Under this line are the records; repeat exactly the lines starting at the one containing "Tesisimiz, Uluslararası Sağlık" and ending at the one containing "Mexen Lima Duo", omitting pictures.

....................

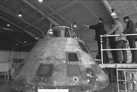 Left: Beregovoi and Feoktistov examine the Apollo 11 CM at NAR. Right: Beregovoi and Cernan inspect the Apollo 14 CM at NAR. Credits: NAR.
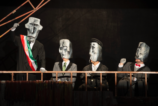 Como claroscuro, la obra también tiene brillantes y refrescantes momentos de humor negro y sátira. A manera de cartones de burla política, hace referencia a las cabezas enmascaradas y ciegas de los mandos del poder: su altiva indiferencia, su vacío espíritu ante la injusticia y sus prioridades más enfocadas en saciar sus gustos elitistas que en la seguridad de su pueblo. A la vez, hace una burla y despertar a todos los “expertos en política” que somos todos en las redes sociales, a toda la gente que prefiere comentar y publicar emojis; a los que prefieren grabar con sus celulares a hacer algo cuando se presenta alguna situación de peligro, pero se comprende...todos tenemos miedo de hacer algo.
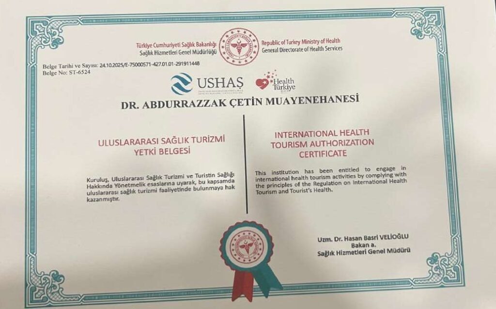 Tesisimiz, Uluslararası Sağlık Turizmi ve Turistin Sağlığı Hakkında Yönetmelik kapsamında, Uluslararası Sağlık Turizmi Sağlık Tesisi Yetkinlik Kriterleri’ne ve Yönetmeliğin genel esaslarına uyarak, Uluslararası Sağlık Turizmi faaliyetinde bulunmaya hak kazanmıştır.
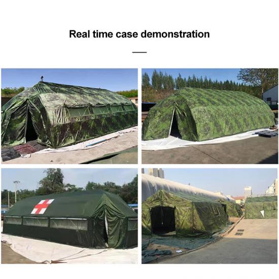 Khemah ini diperbuat daripada bahan kalis air berkekuatan tinggi, yang boleh menahan hujan dengan berkesan, menyediakan tempat tinggal dan persekitaran kerja sementara yang selamat dan selesa untuk mangsa bencana dan pekerja penyelamat |
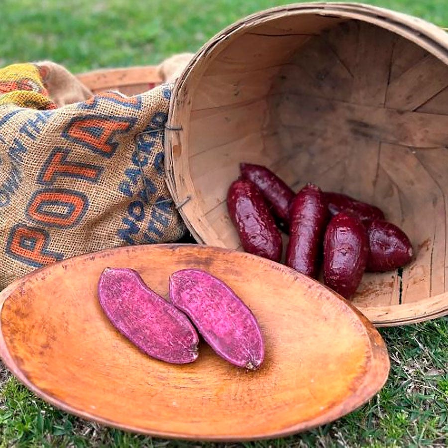 Purple Passion Sweet Potato is a root vegetable. The sweet potatoes have purple skin, purple flesh, and an elongated shape, similar to a cucumber, with a fairly consistent width for the full length of the potato. They make a colorful dish, especially when roasted with Murasaki and orange sweet potatoes. Sweet potatoes are considered a superfood for their nutrient rich content. They are an excellent source of vitamin A and a good source of vitamin C, dietary fiber, and potassium. Sweet potatoes also contain iron, calcium, protein, and beneficial amino acids. Purple Passion is rich in anthocyanin too.
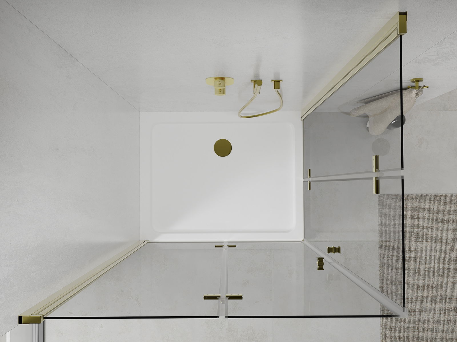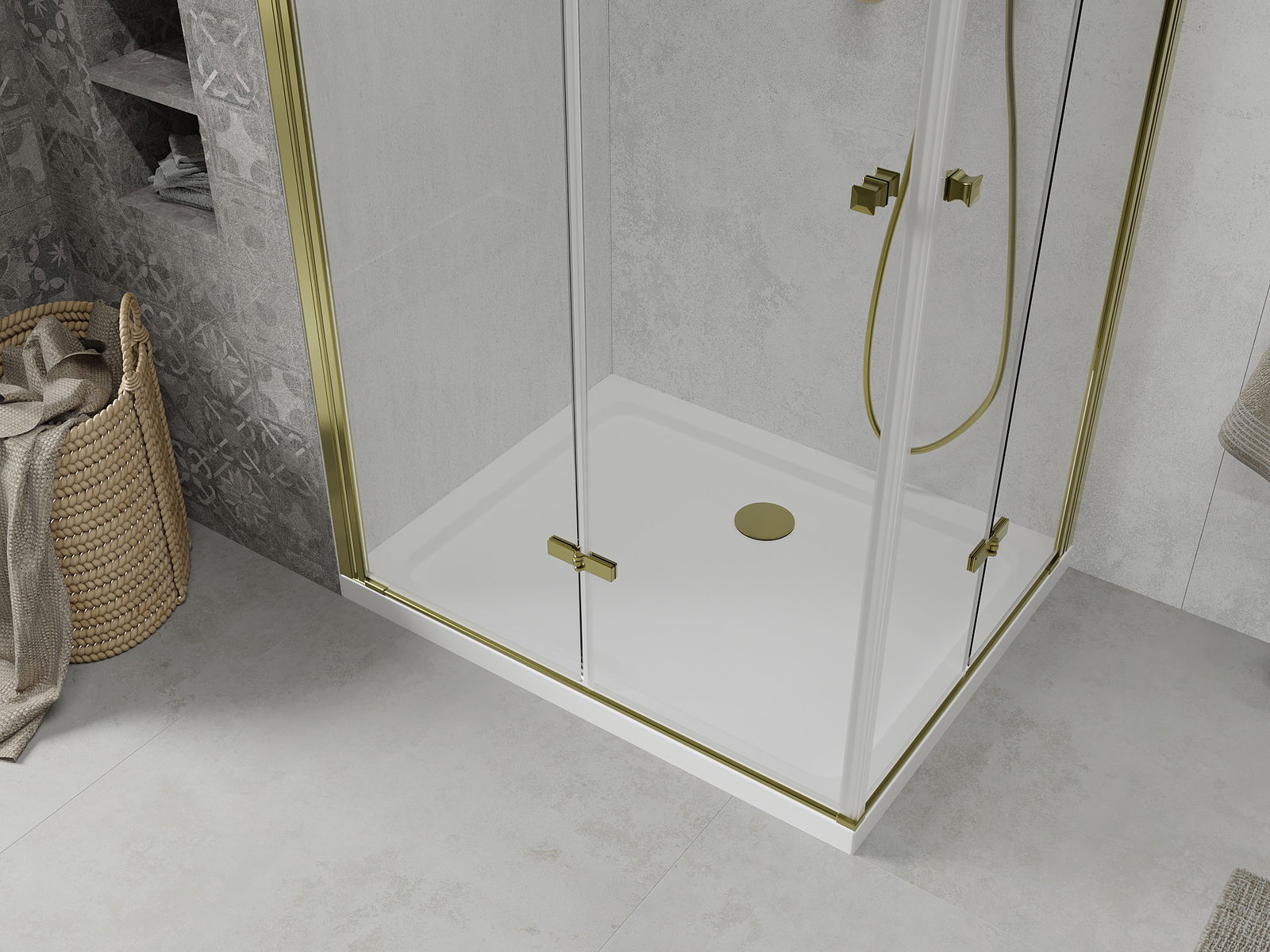 Mexen Lima Duo összecsukható zuhanykabin 100 x 90 cm, átlátszó, arany + Flat zuhanytálca - 856-100-090-50-02-4010G
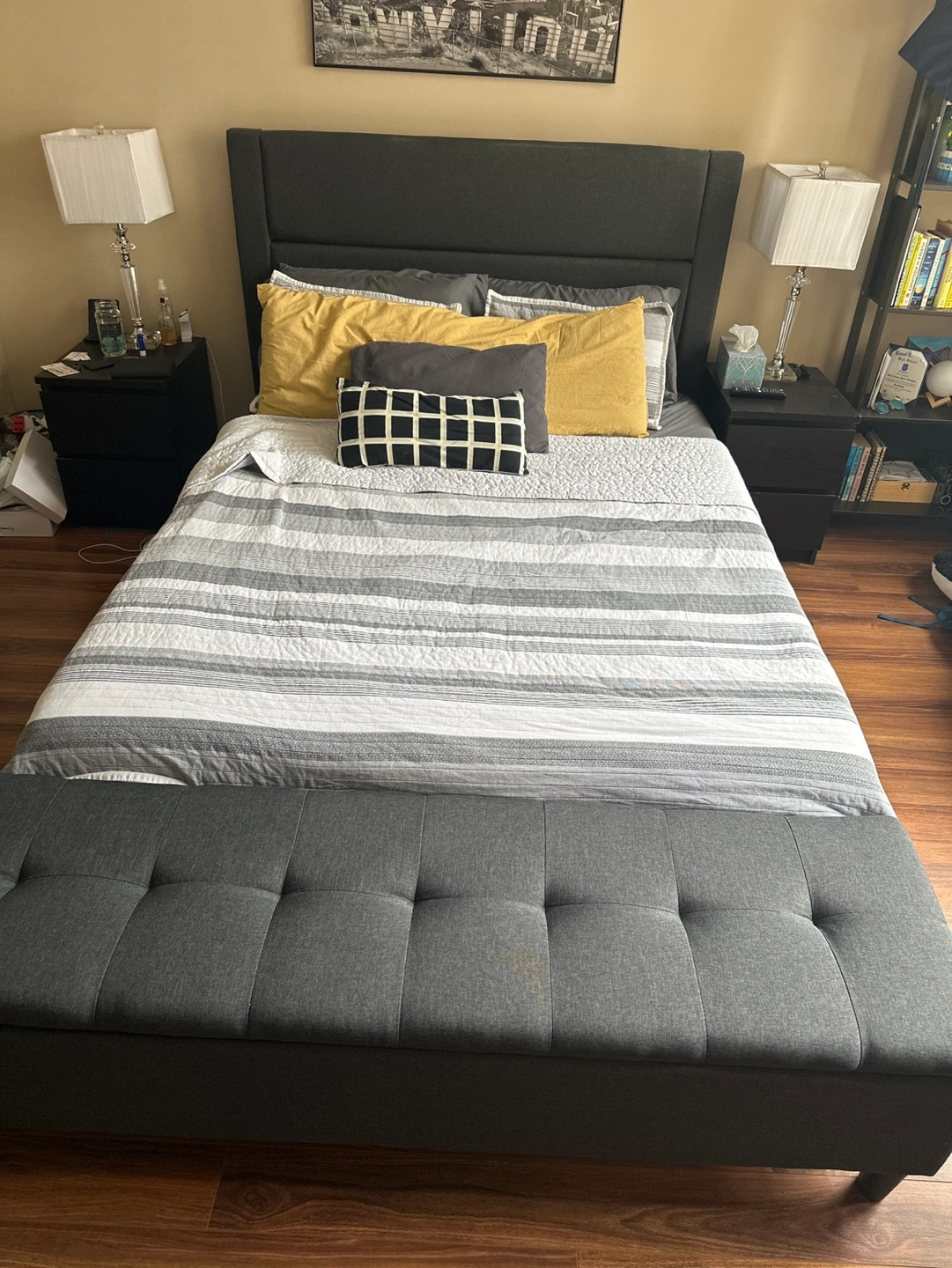 Queen-size upholstered bed frame, dark grey fabric. Includes matching storage bench attached to bed. Bought new last year, need to sell due to move. Includes mattress but no box spring.

....................

RESPONSE —
 Tesisimiz, Uluslararası Sağlık Turizmi ve Turistin Sağlığı Hakkında Yönetmelik kapsamında, Uluslararası Sağlık Turizmi Sağlık Tesisi Yetkinlik Kriterleri’ne ve Yönetmeliğin genel esaslarına uyarak, Uluslararası Sağlık Turizmi faaliyetinde bulunmaya hak kazanmıştır.
 Khemah ini diperbuat daripada bahan kalis air berkekuatan tinggi, yang boleh menahan hujan dengan berkesan, menyediakan tempat tinggal dan persekitaran kerja sementara yang selamat dan selesa untuk mangsa bencana dan pekerja penyelamat |
 Purple Passion Sweet Potato is a root vegetable. The sweet potatoes have purple skin, purple flesh, and an elongated shape, similar to a cucumber, with a fairly consistent width for the full length of the potato. They make a colorful dish, especially when roasted with Murasaki and orange sweet potatoes. Sweet potatoes are considered a superfood for their nutrient rich content. They are an excellent source of vitamin A and a good source of vitamin C, dietary fiber, and potassium. Sweet potatoes also contain iron, calcium, protein, and beneficial amino acids. Purple Passion is rich in anthocyanin too.
 Mexen Lima Duo összecsukható zuhanykabin 100 x 90 cm, átlátszó, arany + Flat zuhanytálca - 856-100-090-50-02-4010G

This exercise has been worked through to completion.